▸ **Given data**

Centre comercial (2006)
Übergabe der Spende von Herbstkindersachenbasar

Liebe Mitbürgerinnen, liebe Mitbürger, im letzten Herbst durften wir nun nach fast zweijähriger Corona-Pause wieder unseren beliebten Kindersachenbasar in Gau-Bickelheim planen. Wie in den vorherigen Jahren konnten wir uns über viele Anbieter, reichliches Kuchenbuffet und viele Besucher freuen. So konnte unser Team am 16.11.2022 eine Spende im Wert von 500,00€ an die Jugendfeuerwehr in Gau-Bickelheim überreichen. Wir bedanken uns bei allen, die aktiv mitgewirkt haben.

▸ **Your task**
From the data above, pick out each line containing "Spende" and copy it.

▸ **Task solution**
Übergabe der Spende von Herbstkindersachenbasar
Liebe Mitbürgerinnen, liebe Mitbürger, im letzten Herbst durften wir nun nach fast zweijähriger Corona-Pause wieder unseren beliebten Kindersachenbasar in Gau-Bickelheim planen. Wie in den vorherigen Jahren konnten wir uns über viele Anbieter, reichliches Kuchenbuffet und viele Besucher freuen. So konnte unser Team am 16.11.2022 eine Spende im Wert von 500,00€ an die Jugendfeuerwehr in Gau-Bickelheim überreichen. Wir bedanken uns bei allen, die aktiv mitgewirkt haben.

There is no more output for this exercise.